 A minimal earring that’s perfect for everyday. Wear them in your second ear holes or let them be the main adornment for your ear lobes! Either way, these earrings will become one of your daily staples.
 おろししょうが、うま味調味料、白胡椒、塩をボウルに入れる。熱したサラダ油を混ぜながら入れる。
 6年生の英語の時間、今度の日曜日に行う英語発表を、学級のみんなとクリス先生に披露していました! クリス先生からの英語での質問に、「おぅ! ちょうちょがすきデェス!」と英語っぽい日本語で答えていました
...
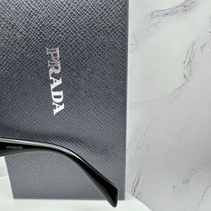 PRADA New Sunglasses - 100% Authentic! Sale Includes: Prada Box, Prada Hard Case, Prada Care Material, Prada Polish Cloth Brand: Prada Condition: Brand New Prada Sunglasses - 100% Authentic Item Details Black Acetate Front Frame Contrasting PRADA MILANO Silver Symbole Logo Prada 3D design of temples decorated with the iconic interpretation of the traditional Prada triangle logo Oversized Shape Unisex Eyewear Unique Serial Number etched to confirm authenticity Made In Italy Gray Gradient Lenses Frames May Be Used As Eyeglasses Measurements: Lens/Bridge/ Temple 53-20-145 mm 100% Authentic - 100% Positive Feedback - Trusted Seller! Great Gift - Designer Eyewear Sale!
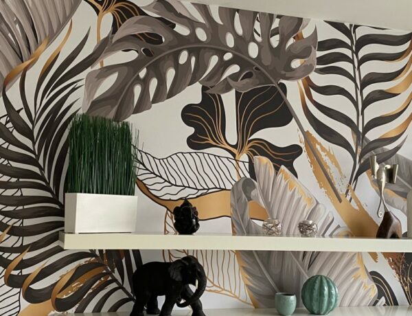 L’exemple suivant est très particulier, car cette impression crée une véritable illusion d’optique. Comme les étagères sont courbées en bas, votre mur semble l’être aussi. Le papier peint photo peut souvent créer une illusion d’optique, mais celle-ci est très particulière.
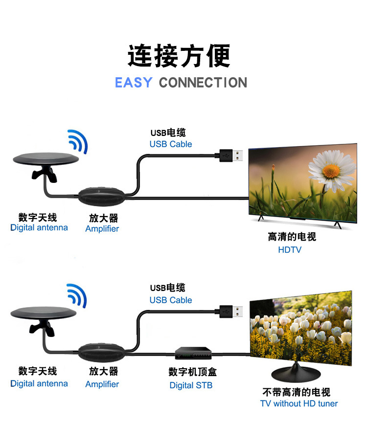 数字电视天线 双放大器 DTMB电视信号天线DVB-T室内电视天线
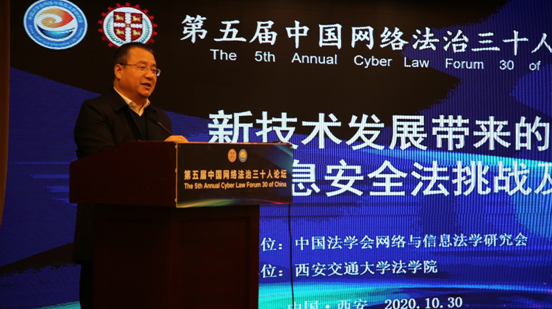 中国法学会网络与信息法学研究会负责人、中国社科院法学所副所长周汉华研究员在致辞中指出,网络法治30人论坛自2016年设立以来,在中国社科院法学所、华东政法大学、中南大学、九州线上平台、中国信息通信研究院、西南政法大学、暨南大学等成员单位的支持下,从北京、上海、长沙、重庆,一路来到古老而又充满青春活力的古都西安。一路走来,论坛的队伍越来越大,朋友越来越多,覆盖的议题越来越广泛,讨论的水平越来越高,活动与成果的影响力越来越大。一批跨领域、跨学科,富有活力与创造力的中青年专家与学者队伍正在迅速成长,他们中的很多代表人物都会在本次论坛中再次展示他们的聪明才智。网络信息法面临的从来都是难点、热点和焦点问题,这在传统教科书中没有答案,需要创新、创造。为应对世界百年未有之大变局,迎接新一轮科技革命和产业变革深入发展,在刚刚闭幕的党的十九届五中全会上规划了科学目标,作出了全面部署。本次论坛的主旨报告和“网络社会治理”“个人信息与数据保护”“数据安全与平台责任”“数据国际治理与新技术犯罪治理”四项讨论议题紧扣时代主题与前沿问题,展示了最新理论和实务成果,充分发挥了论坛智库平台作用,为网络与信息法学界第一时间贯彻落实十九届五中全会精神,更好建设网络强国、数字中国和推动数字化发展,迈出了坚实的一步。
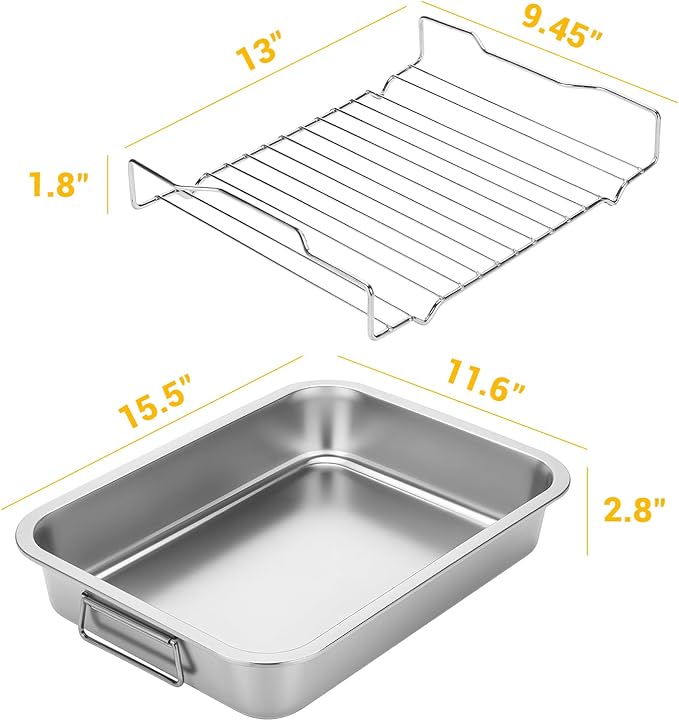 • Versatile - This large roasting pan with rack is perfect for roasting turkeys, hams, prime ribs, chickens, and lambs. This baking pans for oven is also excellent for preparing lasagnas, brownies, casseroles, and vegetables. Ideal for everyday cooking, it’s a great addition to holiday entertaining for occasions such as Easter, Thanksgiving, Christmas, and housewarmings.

* **EXERCISE OBJECTIVE**
From the material above, give again exactly the lines from the one that contains "L’exemple suivant est" through the one that contains "数字电视天线 双放大器 DTMB电视信号天线DVB-T室内电视天线", and leave out the pictures.

* **TASK OUTPUT**
 L’exemple suivant est très particulier, car cette impression crée une véritable illusion d’optique. Comme les étagères sont courbées en bas, votre mur semble l’être aussi. Le papier peint photo peut souvent créer une illusion d’optique, mais celle-ci est très particulière.
 数字电视天线 双放大器 DTMB电视信号天线DVB-T室内电视天线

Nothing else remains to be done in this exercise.